Supreme Court of Texas Update: Gene E. Phillips v. Carlton Energy Group, LLC

Supreme Court of Texas

Supreme Court of Texas

Gene E. Phillips v. Carlton Energy Group, LLC

No. 12-0255

Case summary written by Nirav Patel, Executive Managing Editor.

CHIEF JUSTICE HECHT delivered the unanimous opinion of the Court.

CBM Energy Limited (CBM) obtained the right to explore and develop a coalbed methane field in Bulgaria. CBM made an arrangement with Carlton Energy Group, LLC (Carlton) to provide financial backing for the venture. Carlton’s contract with CBM entitled Carlton to obtain an interest—up to 48% total—in the project based on how much it invested. Carlton needed help in providing the investment backing for CBM. Carlton offered Gene Phillips (Phillips) 10% of its interest in exchange for an $8.5 million investment. Phillips and Carlton, however, failed to execute a final contract and Phillips became more interested in replacing Carlton rather than helping Carlton fulfill its contract with CBM. CBM declared Carlton in default and moved quickly to enter into a new investment agreement with EurEnergy Resources Corp. (EurEnergy), a company controlled and partly owned by Phillips.

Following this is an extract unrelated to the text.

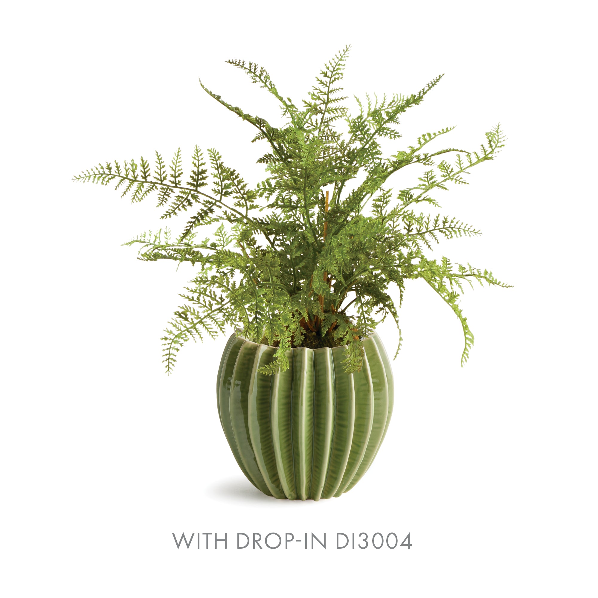 With a rounded form, deep ribbing and thickly applied glaze, this nature-inspired pot is a work of art. The hand-finished details give it an artisan's touch. Add a lush green plant or delicate orchid and enjoy. Simply gorgeous.
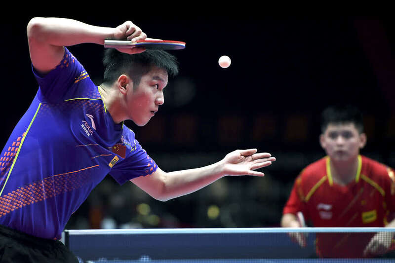 5月5日,樊振东(左)在比赛中发球。新华社记者李安摄

Carlton sued Phillips and EurEnergy, alleging breach of contract and tortious interference with the Carlton–CBM contract. Carlton argued it was entitled to recover the market value of the interest it would have obtained in the Bulgarian project. Its measure for market value was the profits it lost from the project. The jury awarded Carlton $66.5 million in actual damages, but the trial court refused to render judgment for that amount. Carlton accepted a remittitur to $31.16, reserving its right to argue a higher amount on appeal. The court of appeals awarded the full $66.5 to Carlton and Phillips, which EurEnergy appealed to the Supreme Court of Texas.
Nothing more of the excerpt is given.